■ THE TASK
Please give back the listing exactly, without any of its pictures.

■ RECORDED DATA
● ● ●
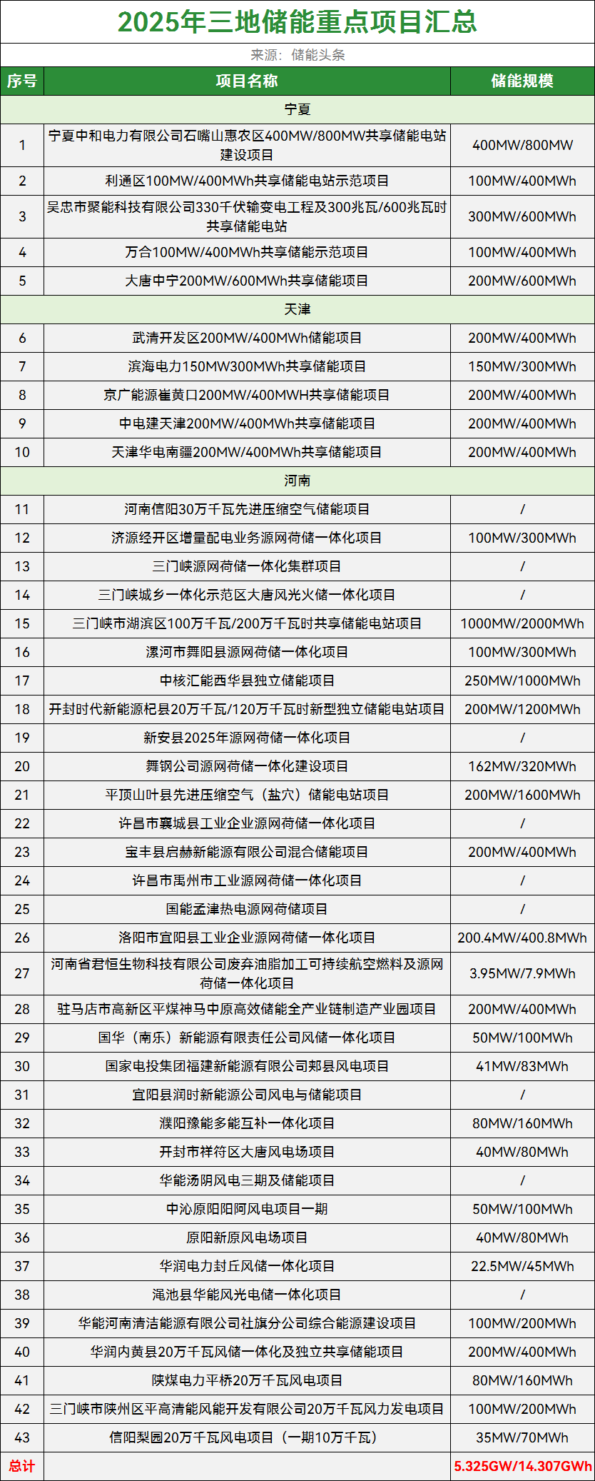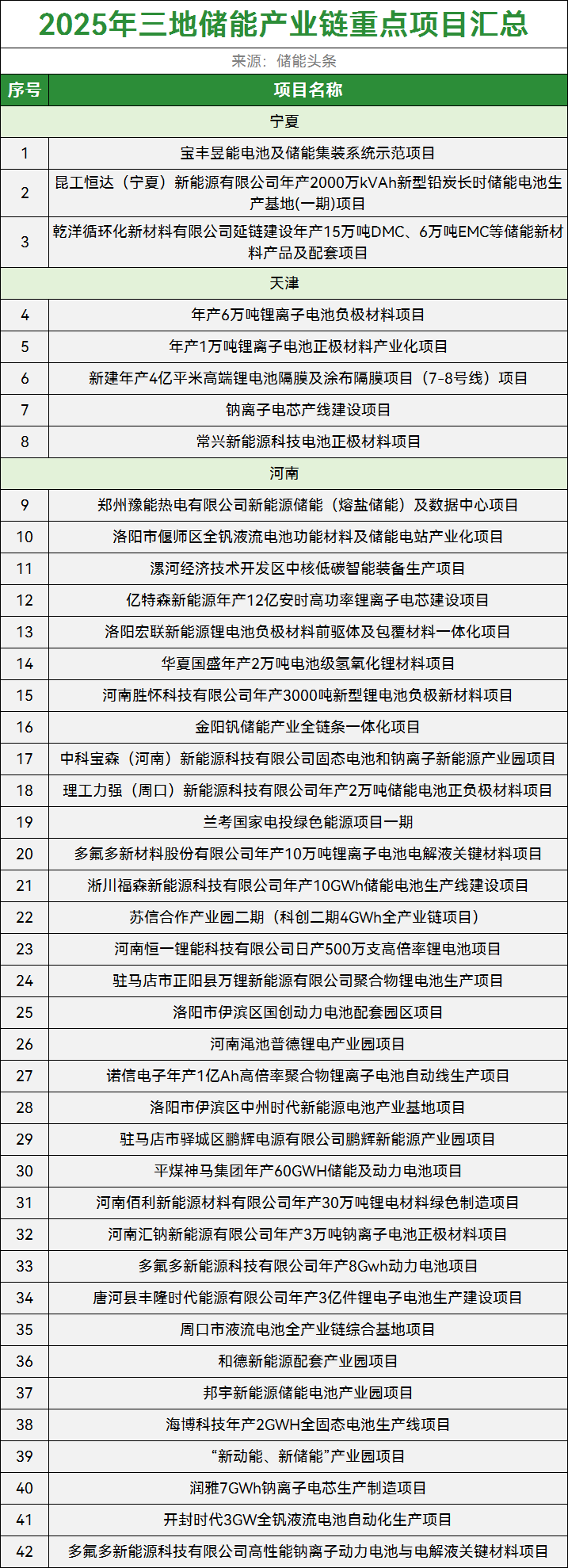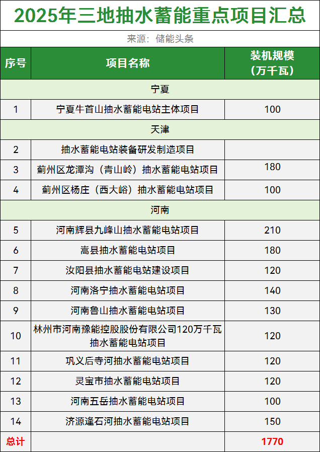 获悉,近日,天津、宁夏、河南相继发布2025年重点建设项目名单,涉及储能相关项目共99个。
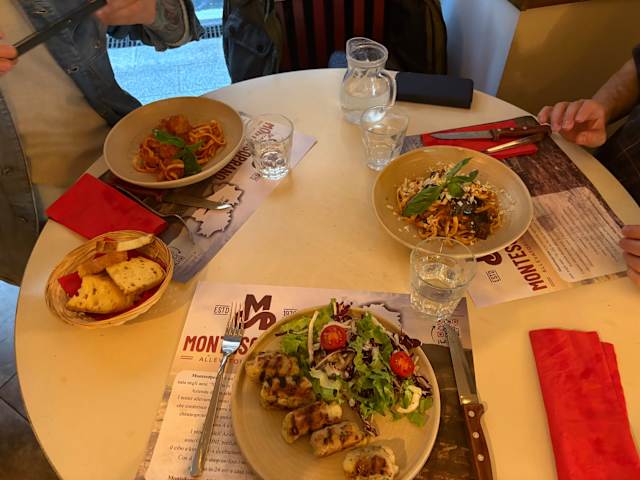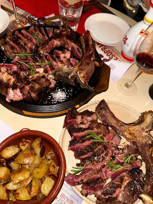 - Pasta al ragù di suino e bovino servito con crema di pecorino, pepe nero e rosmarino
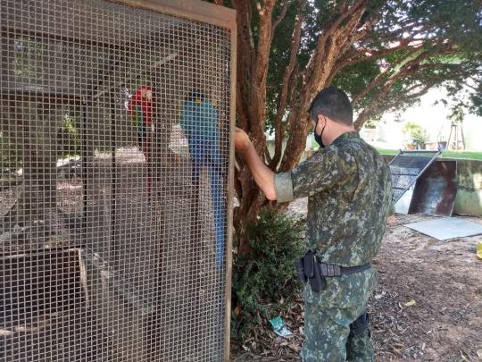 Os policiais constataram a existência de dois macacos-prego, uma arara canindé e uma arara vermelha, mantidos em cativeiro.
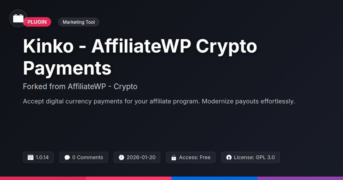 GrootMade is NOT affiliated with AffiliateWP - Crypto or its original author. AffiliateWP - Crypto™ is a trademark of its respective owner and use of it does not imply any endorsement or affiliation. This product has been forked under the GNU General Public License (GPL) and all non-GPL assets (such as proprietary images, fonts, and branding) have been removed. Distributing GPL-licensed code is 100% legal.
● ● ●
■ PROBLEM SOLUTION
 获悉,近日,天津、宁夏、河南相继发布2025年重点建设项目名单,涉及储能相关项目共99个。
 - Pasta al ragù di suino e bovino servito con crema di pecorino, pepe nero e rosmarino
 Os policiais constataram a existência de dois macacos-prego, uma arara canindé e uma arara vermelha, mantidos em cativeiro.
 GrootMade is NOT affiliated with AffiliateWP - Crypto or its original author. AffiliateWP - Crypto™ is a trademark of its respective owner and use of it does not imply any endorsement or affiliation. This product has been forked under the GNU General Public License (GPL) and all non-GPL assets (such as proprietary images, fonts, and branding) have been removed. Distributing GPL-licensed code is 100% legal.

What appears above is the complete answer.